- Born: 1891
- Died: 1968 (aged 76–77)
- Known for: suffragist, YWCA leader
- Spouse: Eugene Percy Roberts
- Relatives: Charles H. Roberts (brother-in-law)

= Ruth Logan Roberts =

American suffragist and YWCA leader (1891–1968)

Ruth Logan Roberts (1891 – 1968) was a suffragist, activist, YWCA leader, and host of a salon in Harlem, New York City.

==Early life==
Ruth Logan Roberts was born in 1891 as the daughter of suffragist Adella Hunt Logan. Roberts studied physical therapy at Boston's Sargent School of Physical Education, graduating in 1911. Roberts later served a physical educator for the Tuskegee Institute. In 1917, she married the physician Eugene Percy Roberts, and the couple moved to New York City.

==Activism==
Ruth Logan Roberts began her work as a suffragist around 1913 in Tuskegee.
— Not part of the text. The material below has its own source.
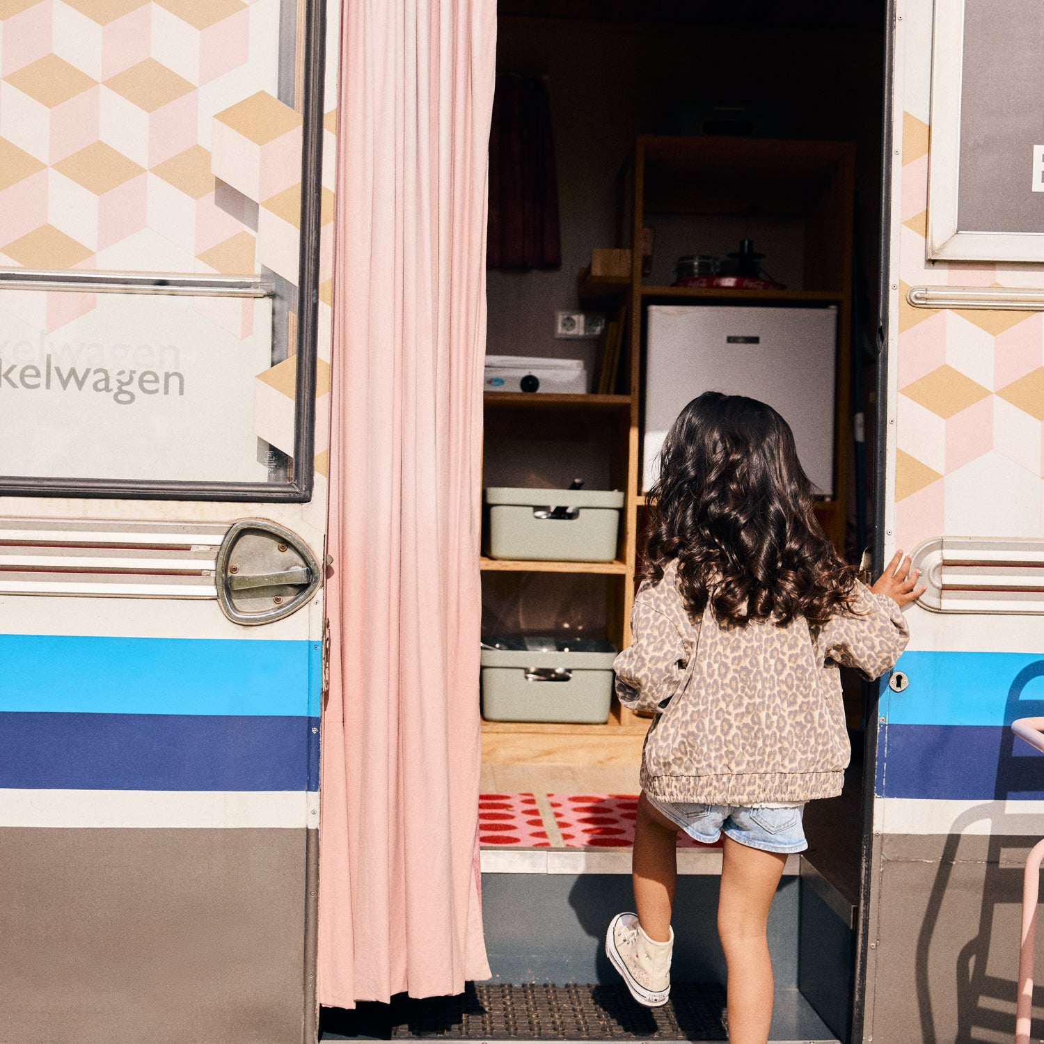 - Warme sandshell kleur met speelse print
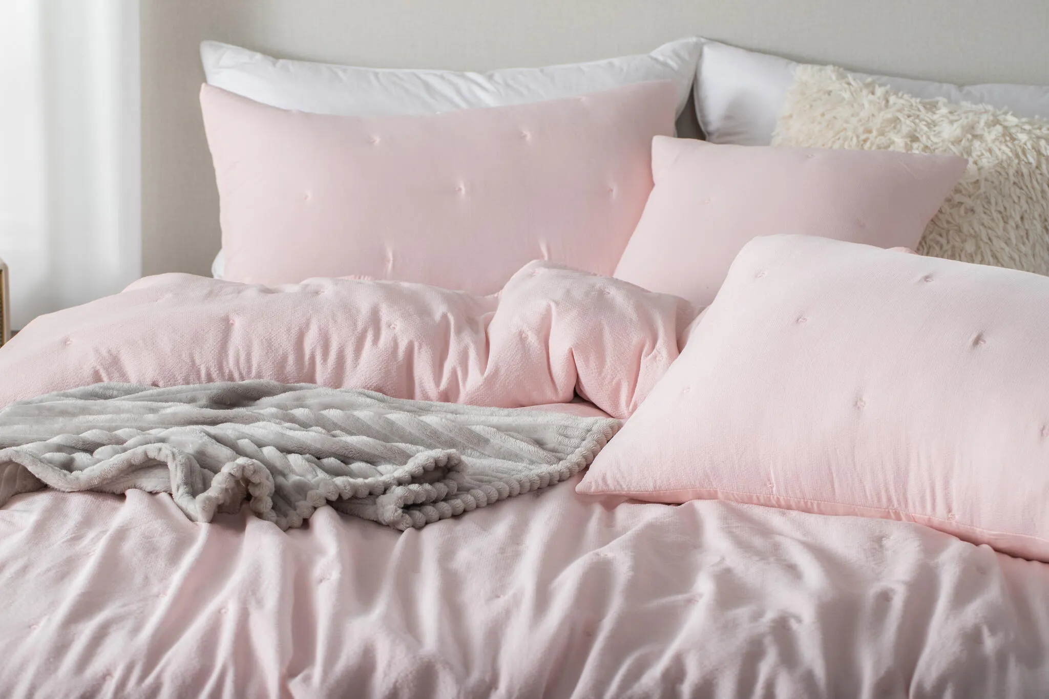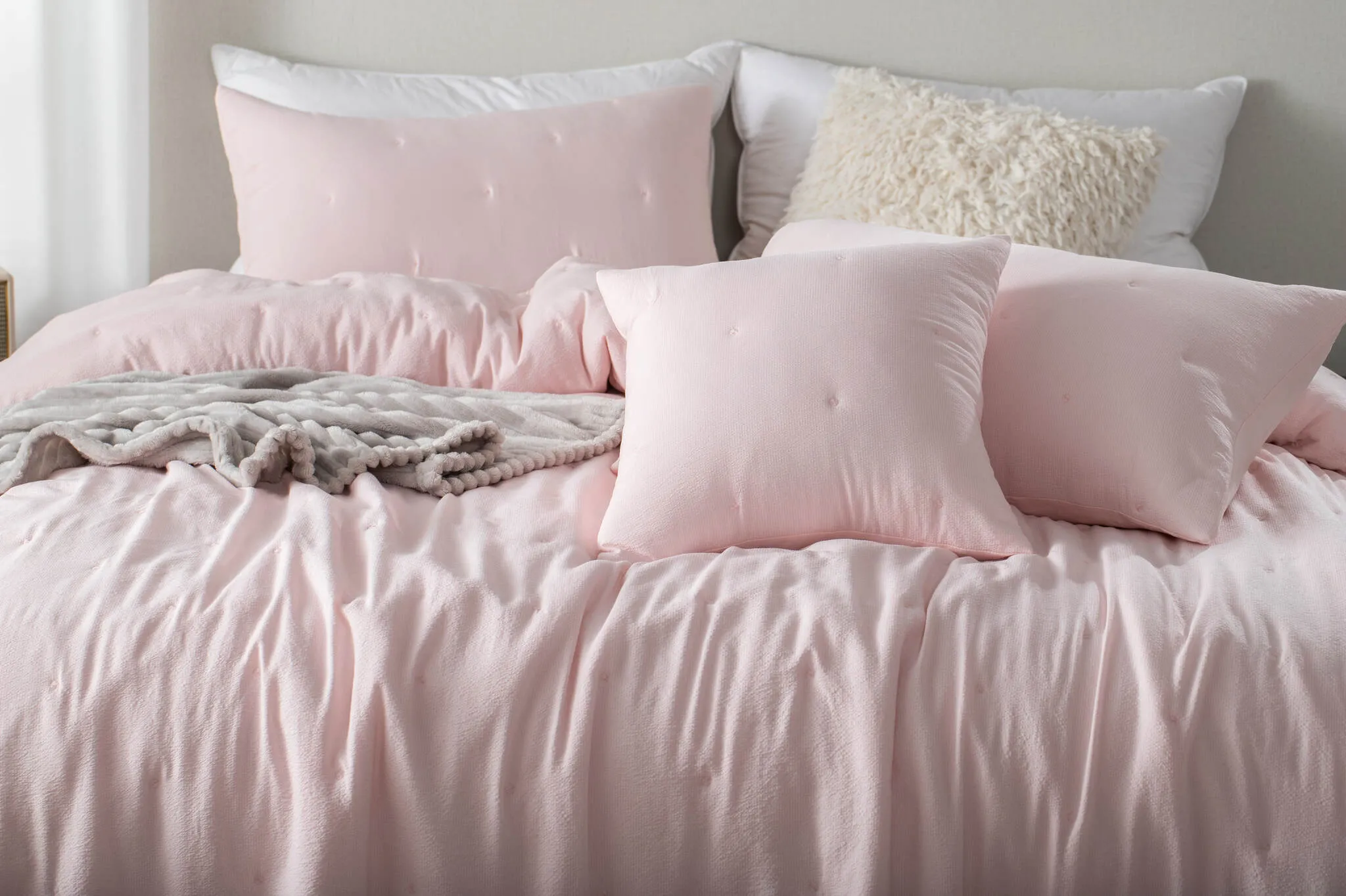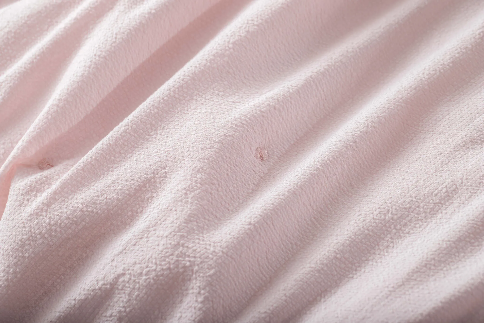 Pudrowa narzuta z haftem kropek z mikrofibry o delikatnie wypukłej, ziarnistej strukturze Dotta

She continued her activism after her move to New York City, notably serving on a number of boards and actively advocating for women's suffrage and against racial discrimination.

Roberts was a member of the boards of directors of national and local YWCA as well as board of the Katy Ferguson Home for Unmarried Mothers. She also served on the New York State Board of Social Welfare.

While at the YWCA, Roberts helped organize women in the sale of war bonds through the Liberty Loan program.

She also served on the New York State Board of Social Welfare, a position that she was appointed to by Governor Thomas E. Dewey. Her health education led her to serve on the boards of New York Tuberculosis and Health Association and the National Association of Colored Graduate Nurses.

==Salon==
Roberts hosted a regular salon at her home at 130 West 130th Street in Harlem, New York City, that brought together major figures active in Harlem at the time in politics, community service, and the arts.